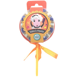 Sada 20 barevných gumiček do vlasů bez kovové spojky v atraktivním balení v podobě lízátka. Díky plochému tvaru gumičky nesklouzávají z vlasů.
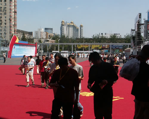 会场内人来人往,红地毯更是把会议衬托的热闹非凡。
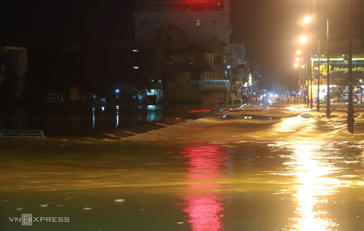Tối 26/10, Đập Đá nằm giữa sông Hương và Như Ý nước dâng cao 0,7 m, tràn vào nhà dân hai bên sông. Chính quyền cấm đường từ trưa cùng ngày.
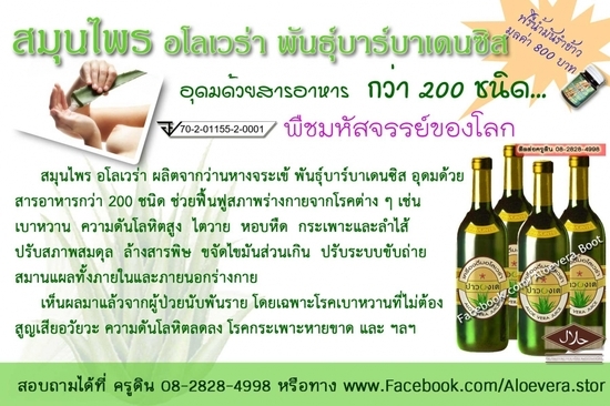 ผ่านการรับรองจากองค์การอาหารและยา (อย.) และได้รับเครื่องหมายฮาลาล อโลเวร่าพันธุ์บาบาเดนชีสประกอบด้วยสารอาหารที่มีประโยชน์มากที่สุด
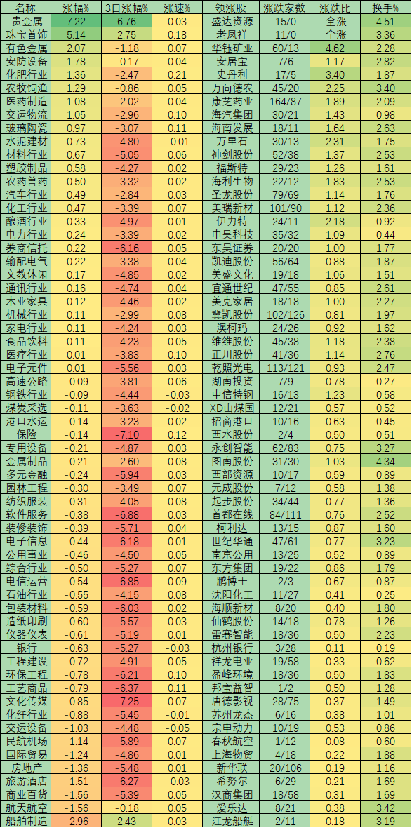 表:周一各行業(yè)市場表現(xiàn)一覽
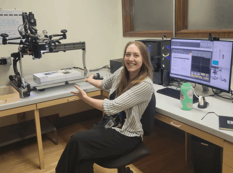 Elizabeth Postema at the GIGAmacro whole drawer imaging station.
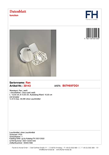 Fischer & Honsel 30143 - Faretto da parete, 1 x E14, max. 40 W, bianco/cromato, con interruttore, 13,5 x 8 x 16 cm, 1 faretto
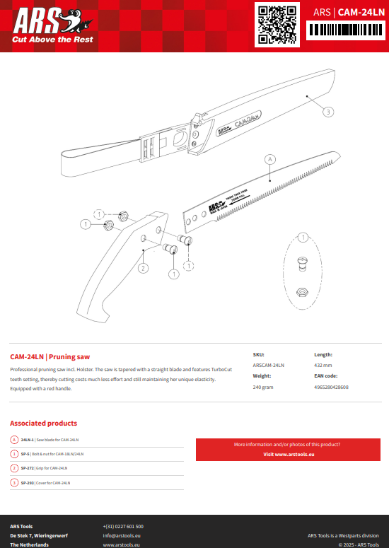 ARS CAM-24LN เลื่อยตัดกิ่งใบตรง 240 มม.
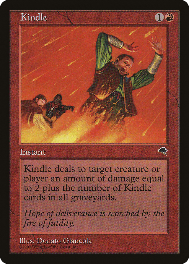 Kindle deals X damage to any target, where X is 2 plus the number of cards named Kindle in all graveyards.
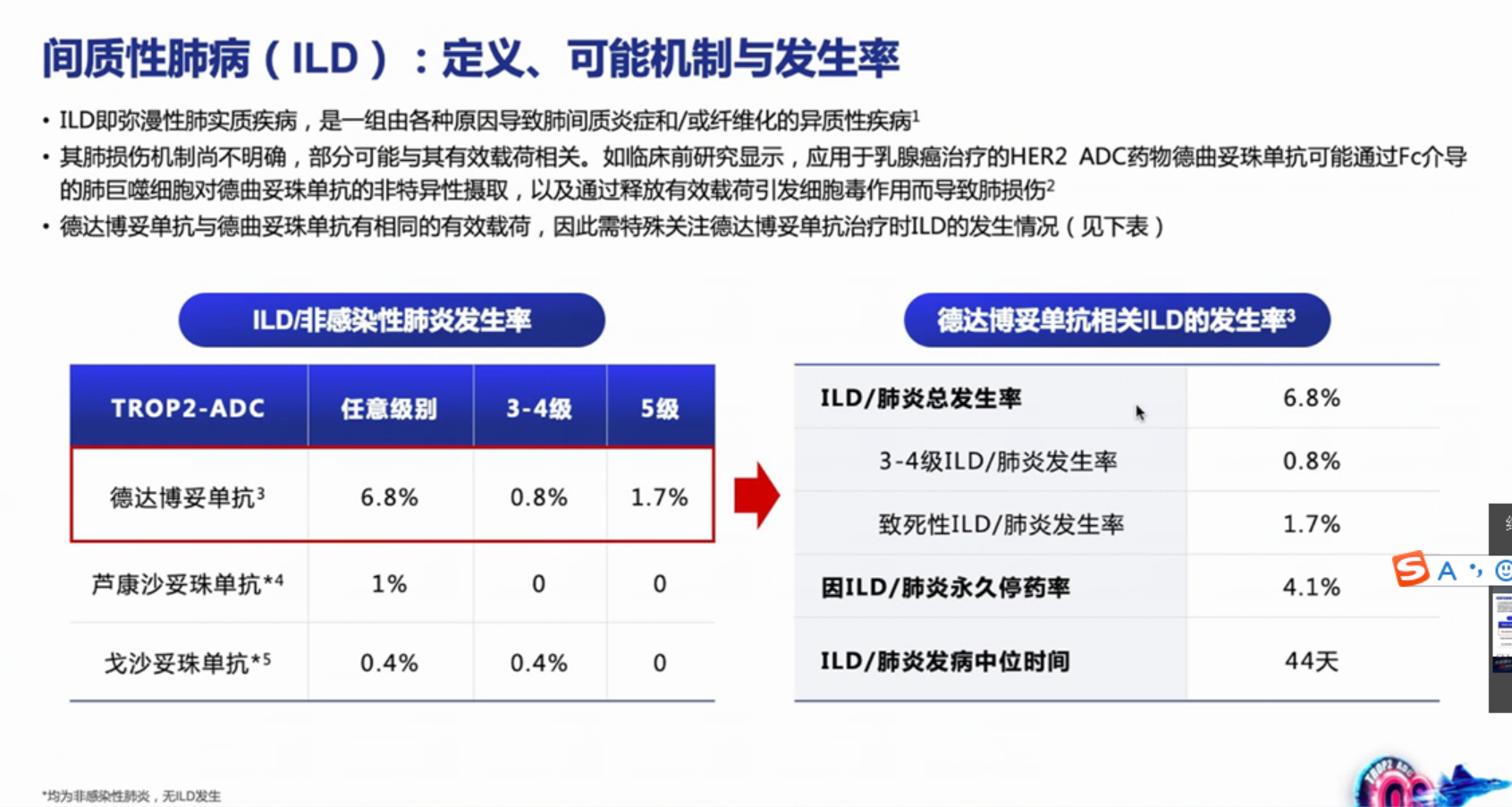 虽然发生率低于德曲妥珠单抗或恩美曲妥珠单抗,但仍有报告。表现为干咳、活动后气短、发热。若出现不明原因呼吸道症状,需立即停用并排查。

Your assignment:
Each line from the one containing "ARS CAM-24LN เลื่อยตัดกิ่งใบตรง 240 มม." through the last line of the listing is to be given again exactly, with no pictures and no other lines.

Response for this exercise:
 ARS CAM-24LN เลื่อยตัดกิ่งใบตรง 240 มม.
 Kindle deals X damage to any target, where X is 2 plus the number of cards named Kindle in all graveyards.
 虽然发生率低于德曲妥珠单抗或恩美曲妥珠单抗,但仍有报告。表现为干咳、活动后气短、发热。若出现不明原因呼吸道症状,需立即停用并排查。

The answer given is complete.